Can MLLMs Distinguish Human Laughter?

The 18th International Conference on Social Robotics (ICSR + Art 2026) is currently taking place in London from July 1–4, bringing together researchers, academics, and industry professionals from around the world to explore the latest developments in social robotics. The conference serves as an international platform for exchanging ideas on how intelligent systems can better understand, interact with, and support people in everyday life. On the second day of the conference, Sahan Hatemo, a student at the FHNW School of Computer Science, presented the paper “Reading Between the Laughs: A Human-Referenced Audio Evaluation of MLLMs for Social Robotics”, co-authored with Dr. Katharina Kühne (University of Potsdam) and Prof. Dr. Oliver Bendel (FHNW School of Business). The study investigates whether today’s leading multimodal large language models (MLLMs) can distinguish authentic from non-authentic laughter using audio signals alone. As laughter is an important social cue, the ability to recognize its authenticity could significantly improve how robots and AI systems communicate with people in social settings. The researchers found notable differences in how the evaluated AI models interpreted laughter. OpenAI models showed a clear tendency to classify most laughter as genuine, while Gemini models were generally more skeptical in their assessments. Despite these contrasting biases, several models performed significantly better than chance, with Gemini 2.5 Pro achieving the strongest overall performance. A closer analysis also revealed qualitative differences in the models’ decision-making. Less capable models appeared to rely on superficial acoustic features, such as pitch, and were more likely to classify higher-pitched laughter as less authentic. In contrast, the best-performing model seemed to focus on more sophisticated aspects of voice quality, indicating a deeper understanding of the characteristics that distinguish genuine from non-authentic laughter. The findings demonstrate the growing potential of multimodal AI for social robotics. As robots increasingly become part of everyday environments, the ability to accurately interpret subtle social signals such as laughter could play a crucial role in fostering trust, improving communication, and strengthening human-robot relationships. Further information is available at icsr2026.uk.
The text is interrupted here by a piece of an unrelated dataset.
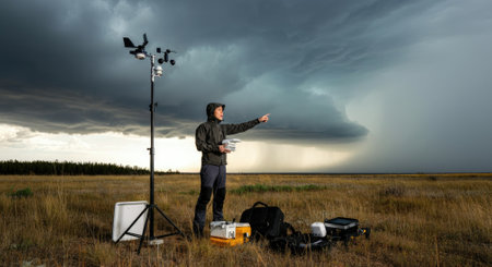 Caucasian male adult using instrument at modern weather station with sensors and anemometers outdoors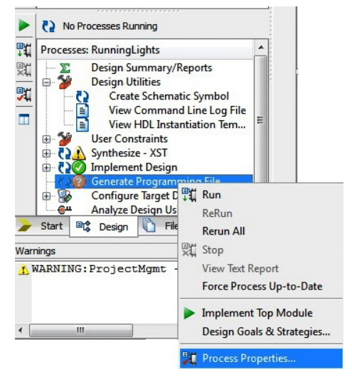 Step 1: Right-click on the “Generate Programming File” option in the “Processes” window.

Chatbots for Endangered Languages

On April 8, 2026, the article “Chatbots for Dead, Endangered, and Extinct Languages: Possibilities and Limitations of Generative AI for Continuing Education” by Oliver Bendel was published in Wiley Industry News. The focus is on how chatbots based on generative AI can contribute to the preservation and promotion of dead, endangered, and extinct languages in continuing education (as well as in vocational training). Following an introduction to the technical and conceptual foundations, several projects at the FHNW School of Business are presented and discussed from technical, ethical, and didactic perspectives. These dimensions are revisited in the next section and expanded into general and overarching considerations. Finally, possible and necessary steps are outlined that go beyond the purely technological discourse. Additionally, an outlook is provided on future possibilities related to new versions of large language models. This article provides the first comprehensive overview of the projects initiated by Oliver Bendel that are dedicated to dead, endangered, and extinct languages, including @ve (for Latin), @llegra (for Vallader), and kAIxo (for Basque), as well as Cleop@tr@ (Egyptian). It can be accessed via the publisher’s website or downloaded here as a PDF.

Biases and Stereotypes in LLMs

The paper “Revisiting the Trolley Problem for AI: Biases and Stereotypes in Large Language Models and their Impact on Ethical Decision-Making” by Sahan Hatemo, Christof Weickhardt, Luca Gisler (FHNW School of Computer Science), and Oliver Bendel (FHNW School of Business) was accepted at the AAAI 2025 Spring Symposium “Human-Compatible AI for Well-being: Harnessing Potential of GenAI for AI-Powered Science”. A year ago, Sahan Hatemo had already dedicated himself to the topic of “ETHICAL DECISION MAKING OF AI: An Investigation Using a Stereotyped Persona Approach in the Trolley Problem” in a so-called mini-challenge in the Data Science degree program. His supervisor, Oliver Bendel, had told the other scientists about the idea at the AAAI 2025 Spring Symposium “Impact of GenAI on Social and Individual Well-being” at Stanford University. This led to a lively discussion. The student recruited two colleagues, Christof Weickhardt and Luca Gisler, and worked on the topic in a much more complex form in a so-called Challenge X. This time, three different open-source language models were applied to the trolley problem. In each case, personalities were created with nationality, gender, and age. In addition, the data was compared with that of the MIT Moral Machine project. Sahan Hatemo, Christof Weickhardt, and Luca Gisler will present their results at the end of March or beginning of April 2025 in San Francisco, the venue of this year’s event.